Concerns about HIPAA affecting patient engagement are not new. Some healthcare experts have said HIPAA, which is now more than 20 years old, may be outdated. One reason is that the law creates barriers to better patient engagement.
Patient engagement does work when implemented properly, and patients do like communicating with their physicians. A recent West survey found 75% of patients with chronic conditions want their doctor to contact them regularly to keep tabs on their health. However, patients don't feel that they have proper access to their records. A CDW Healthcare survey found that 89% of patients say they want easier access to their health records.
One way is to integrate patient portals into care, but providers and patients haven’t exactly embraced patient portals. Brian Eastwood, consumer engagement and consumer-directed healthcare analyst at Chilmark Research, recently told Healthcare Dive that patient portal technology adoption is only at between 25% and 35%.
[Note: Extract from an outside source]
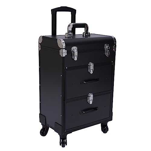 Kosmetisk väska vagn aluminium kosmetisk rullväska med lås skönhetsfodral stor makeup resväska arrangör för resor nagelkonst hårstyling smink 36 x 23 x 58 cm, svart, Retro

In addition to HIPAA barriers, portals are usually not mobile-friendly, which makes it harder for patients to access them. However, health systems view improved patient portals as an important tool for patients and a system's long-range success. Tami Minnier, chief quality officer at UPMC, recently told Healthcare Dive that a "feature-rich, easy-to-use patient portal will ultimately pay off in increased patient and member loyalty, more engaged patients and families who make better decisions about their health, and potentially lower costs for patients and payors alike.”